Citadel Siege is the autonomous adversary simulation platform that continuously attacks your own environment — testing every control, every detection rule, every response playbook, and every human process — to find the gaps before a real adversary walks through them. Continuous Automated Red Teaming. Breach & Attack Simulation. Purple Team Orchestration. MITRE ATT&CK validation. Running 24/7/365.

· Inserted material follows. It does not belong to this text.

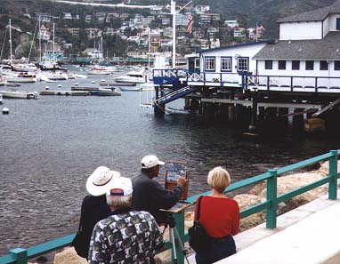 Raleigh Kinney was completing a pencil sketch on which he was going to apply watercolors. "The drawing gives me everything I need to complete a painting or to paint a new one," he told me. He and his wife, who manages his career, travel to over 30 art shows each year. Stan Sampson is the only PAPA painter who lives full time on the island. He presented a picturesque sight - bushy white whiskers and a funny hat. "Fifteen or twenty years ago we couldn't pay people to paint outside with us," he said. Sampson won "Best of Show" at Catalina 2001 in September.

You deployed a SIEM. You configured EDR on every endpoint. You wrote 500 detection rules. You built 200 SOAR playbooks. You hired a SOC team. But do any of them actually work? Annual penetration tests check a snapshot. Quarterly vulnerability scans check known CVEs. Neither tests whether your detection stack actually detects, whether your response playbooks actually respond, or whether your analysts actually investigate. Siege answers the question that keeps CISOs awake at 3 AM: are my defenses real, or are they theater?
Siege deploys autonomous AI agents that emulate real-world adversaries — APT groups, ransomware operators, insider threats, and supply chain attackers — executing multi-step attack campaigns against your live environment continuously. Every technique is mapped to MITRE ATT&CK. Every detection is validated. Every gap is documented. Every response is measured. The result is not a report. It is a continuously updated, evidence-based answer to the question: "Can we stop this attack?"
Siege validates your entire security stack — detection, response, and recovery — against real adversary behavior.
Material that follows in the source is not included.